What you have to do
Every entry is to be restated exactly; pictures are not part of the copy.

(Records from a collection)

◇ ◇ ◇ ◇ ◇

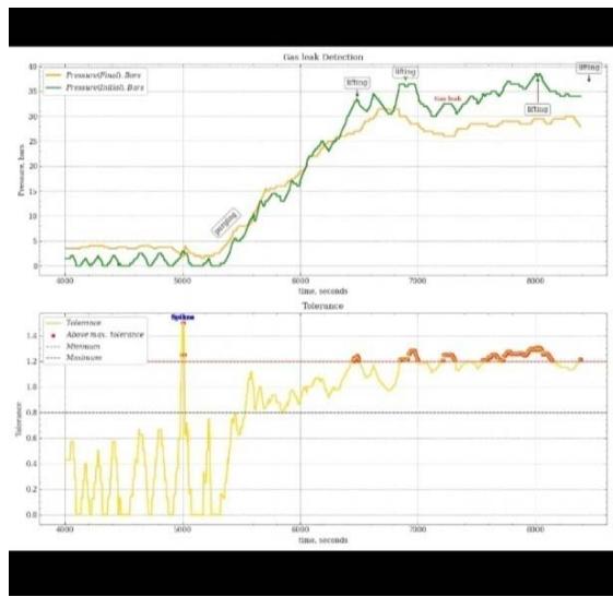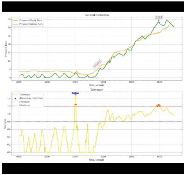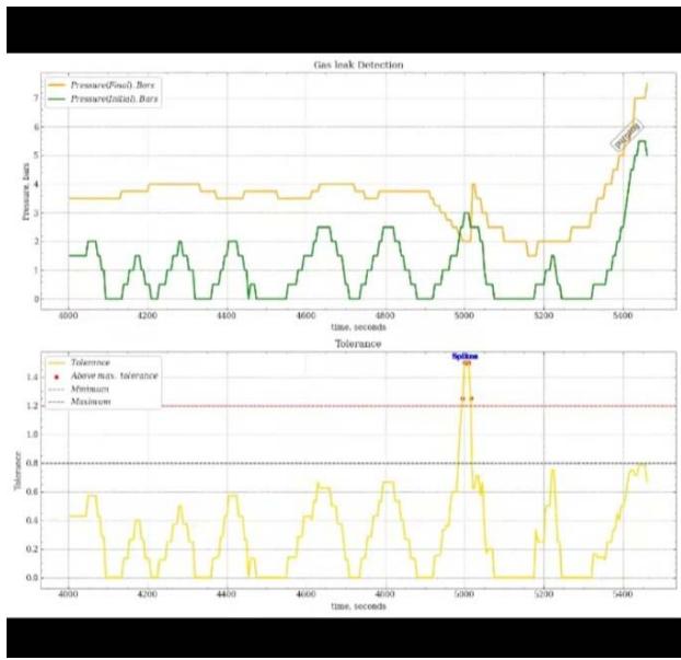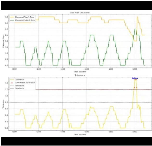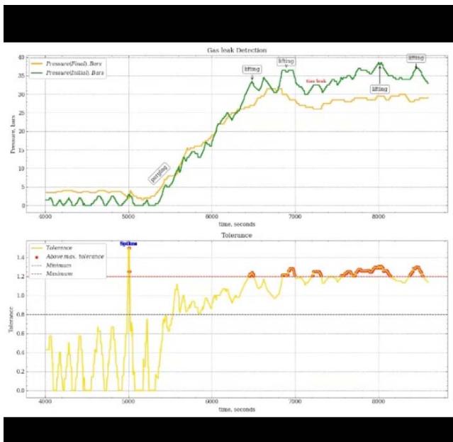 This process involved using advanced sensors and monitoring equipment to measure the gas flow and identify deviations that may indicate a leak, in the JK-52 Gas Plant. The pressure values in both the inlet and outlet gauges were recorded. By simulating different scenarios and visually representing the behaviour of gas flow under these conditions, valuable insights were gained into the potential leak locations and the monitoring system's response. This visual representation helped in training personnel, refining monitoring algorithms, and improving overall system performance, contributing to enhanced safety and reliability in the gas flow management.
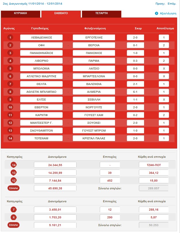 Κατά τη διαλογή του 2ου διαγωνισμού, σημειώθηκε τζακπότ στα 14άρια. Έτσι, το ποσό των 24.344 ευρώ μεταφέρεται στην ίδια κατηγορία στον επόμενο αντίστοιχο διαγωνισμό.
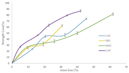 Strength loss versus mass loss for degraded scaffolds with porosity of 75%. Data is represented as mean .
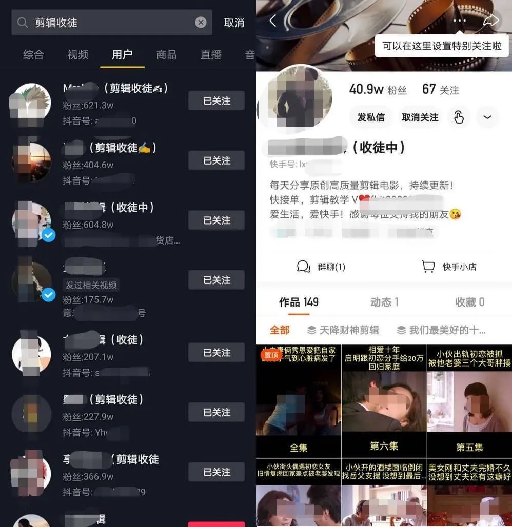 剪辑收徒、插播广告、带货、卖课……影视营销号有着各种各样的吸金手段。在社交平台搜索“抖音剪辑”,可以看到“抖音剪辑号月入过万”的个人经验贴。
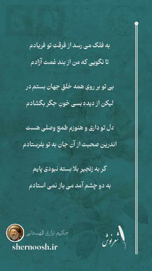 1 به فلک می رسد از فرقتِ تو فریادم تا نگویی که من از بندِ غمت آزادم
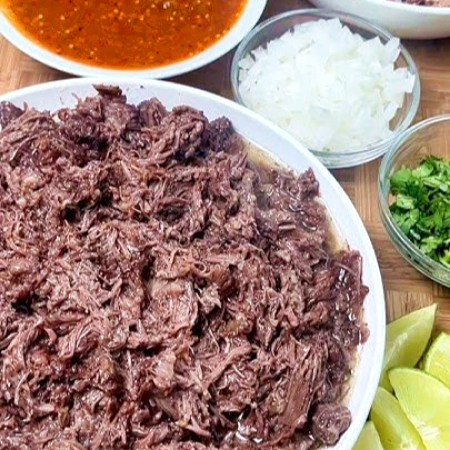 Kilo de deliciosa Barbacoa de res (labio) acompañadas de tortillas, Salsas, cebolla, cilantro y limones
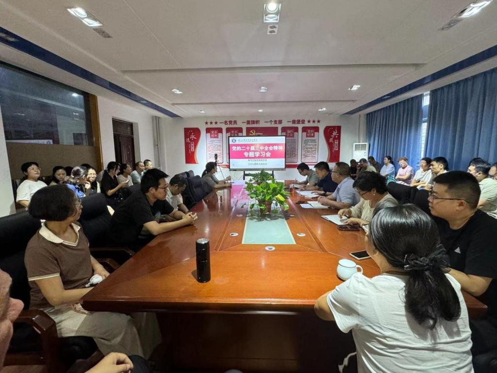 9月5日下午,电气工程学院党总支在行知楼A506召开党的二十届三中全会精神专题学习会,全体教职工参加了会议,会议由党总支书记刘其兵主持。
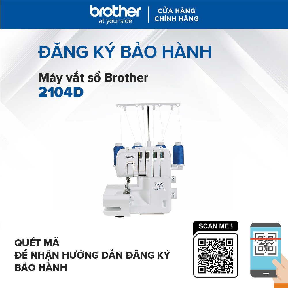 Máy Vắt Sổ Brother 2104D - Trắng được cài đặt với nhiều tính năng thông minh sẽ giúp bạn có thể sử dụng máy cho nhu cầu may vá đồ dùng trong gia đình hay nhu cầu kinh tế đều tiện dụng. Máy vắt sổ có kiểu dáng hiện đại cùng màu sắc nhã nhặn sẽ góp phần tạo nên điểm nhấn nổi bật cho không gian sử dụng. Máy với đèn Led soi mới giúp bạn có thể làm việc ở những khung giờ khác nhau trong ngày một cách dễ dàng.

◇ ◇ ◇ ◇ ◇

Reply to the task
 This process involved using advanced sensors and monitoring equipment to measure the gas flow and identify deviations that may indicate a leak, in the JK-52 Gas Plant. The pressure values in both the inlet and outlet gauges were recorded. By simulating different scenarios and visually representing the behaviour of gas flow under these conditions, valuable insights were gained into the potential leak locations and the monitoring system's response. This visual representation helped in training personnel, refining monitoring algorithms, and improving overall system performance, contributing to enhanced safety and reliability in the gas flow management.
 Κατά τη διαλογή του 2ου διαγωνισμού, σημειώθηκε τζακπότ στα 14άρια. Έτσι, το ποσό των 24.344 ευρώ μεταφέρεται στην ίδια κατηγορία στον επόμενο αντίστοιχο διαγωνισμό.
 Strength loss versus mass loss for degraded scaffolds with porosity of 75%. Data is represented as mean .
 剪辑收徒、插播广告、带货、卖课……影视营销号有着各种各样的吸金手段。在社交平台搜索“抖音剪辑”,可以看到“抖音剪辑号月入过万”的个人经验贴。
 1 به فلک می رسد از فرقتِ تو فریادم تا نگویی که من از بندِ غمت آزادم
 Kilo de deliciosa Barbacoa de res (labio) acompañadas de tortillas, Salsas, cebolla, cilantro y limones
 9月5日下午,电气工程学院党总支在行知楼A506召开党的二十届三中全会精神专题学习会,全体教职工参加了会议,会议由党总支书记刘其兵主持。
 Máy Vắt Sổ Brother 2104D - Trắng được cài đặt với nhiều tính năng thông minh sẽ giúp bạn có thể sử dụng máy cho nhu cầu may vá đồ dùng trong gia đình hay nhu cầu kinh tế đều tiện dụng. Máy vắt sổ có kiểu dáng hiện đại cùng màu sắc nhã nhặn sẽ góp phần tạo nên điểm nhấn nổi bật cho không gian sử dụng. Máy với đèn Led soi mới giúp bạn có thể làm việc ở những khung giờ khác nhau trong ngày một cách dễ dàng.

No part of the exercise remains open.